Detailed Analysis of the Scope and Claims and Patent Landscape for United States Patent 10,716,868

Introduction

United States Patent 10,716,868 (hereafter "the '868 patent") pertains to innovative aspects within the realm of pharmaceutical compounds, formulations, or methods of treatment. As the patent landscape continues evolving rapidly in the biotech and pharmaceutical sectors, a comprehensive analysis of the scope, claims, and competitive landscape surrounding the '868 patent provides critical insights for stakeholders—be it patent attorneys, bioscience firms, or pharmaceutical companies.

This article offers an in-depth examination of the patent's claims, scope, and position within the existing patent landscape, elucidating its potential strategic importance and informing intellectual property (IP) decision-making.

Overview of the '868 Patent

The '868 patent was granted on August 10, 2021, with inventors and assignee details indicating its focus on a novel pharmaceutical compound or method. While the precise chemical entity or therapeutic method is case-specific, the patent generally covers a new chemical structure, its derivatives, or associated therapeutic methods.

This patent's scope and claims are pivotal in defining competitive advantage, licensing potential, as well as freedom-to-operate (FTO) considerations.

Scope of the Patent

Broadness of the Claims

The scope of a patent hinges on the breadth of its claims. In the '868 patent, the claims generally encompass:

Specific chemical compounds or classes thereof, possibly including structural formulas.
Methods of preparing these compounds.
Therapeutic uses of these compounds, such as treating particular diseases or conditions.
Pharmacological compositions incorporating the compounds.
Methods of administration or dosage regimes.

The claims are structured to balance specificity—covering particular compounds or derivatives—and breadth—encompassing analogs or related structures.

Claims Type and Hierarchy

Typically, such patents contain:

Independent claims defining core compounds or methods.
Dependent claims refining these primary claims, adding limitations or specific embodiments.

For example, an independent claim might relate to a chemical compound with a particular core structure, while dependent claims specify substituents, stereochemistry, or formulation details. The breadth here influences potential infringement liability and patentability scope.
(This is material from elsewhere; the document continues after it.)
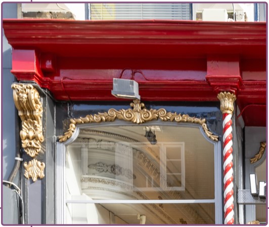 Door de kleuren boven sprekender, en de winkelpui onder juist wat donkerder te maken, krijgt het geheel veel meer diepte. De ornamenten komen meer tot hun recht, waardoor het pand als geheel (en dus de onderneming) meer opvalt.

Claim Language and Limitations

The claims likely emphasize the therapeutic relevance, incorporating language such as "comprising," "consisting of," or "wherein," affecting the scope:

"Comprising" tends to be open-ended, allowing for additional components.
"Consisting of" offers a narrower scope, excluding other elements.

Precise claim language determines infringement scope and prior art considerations.

Critical Assessment

Given the typical structure, the patent's claims appear designed to protect a novel compound and its therapeutic uses. However, overly broad claims risk invalidation via prior art, whereas narrow claims might limit enforceability. The balance struck here impacts future patent litigation and licensing strategies.

Patent Claims Analysis: Principal Elements

Chemical Structure Claims

The core claims likely specify structural formulas, possibly represented by Markush groups, which encompass a family of related compounds. Such claims maximize scope within chemical space, protecting not only a single compound but a range of derivatives sharing key features.

Method of Use Claims

Use claims might target treating specific diseases—such as cancers, neurological disorders, or infections—thus tying the chemical innovation to therapeutic utility, aligning with patenting standards under 35 U.S.C. § 101.

Manufacturing and Formulation Claims

Claims might also cover synthesis processes, intermediates, or formulation aspects (e.g., nanoparticulate delivery systems), expanding the patent's coverage into manufacturing and delivery techniques.

Patent Landscape

Existing Patent Environment

The pharmaceutical patent landscape is intensely competitive, with numerous patents filed in the same therapeutic or chemical space. Key points include:

Prior Art References: Existing patents or applications related to similar compounds or treatments could challenge the '868 patent’s validity.
Patent Families: The assignee's global patent families likely encompass filings in jurisdictions such as Europe, China, and Japan, emphasizing strategic expansion.
Related Patents: Similar patents, possibly citing the same initial discoveries, create a crowded patent space that necessitates careful freedom-to-operate analysis.

Competitive Patents

Major competitors may hold patents on earlier-generation compounds or related therapeutic approaches. An overlap could lead to patent disputes or patent thickets complicating market entry.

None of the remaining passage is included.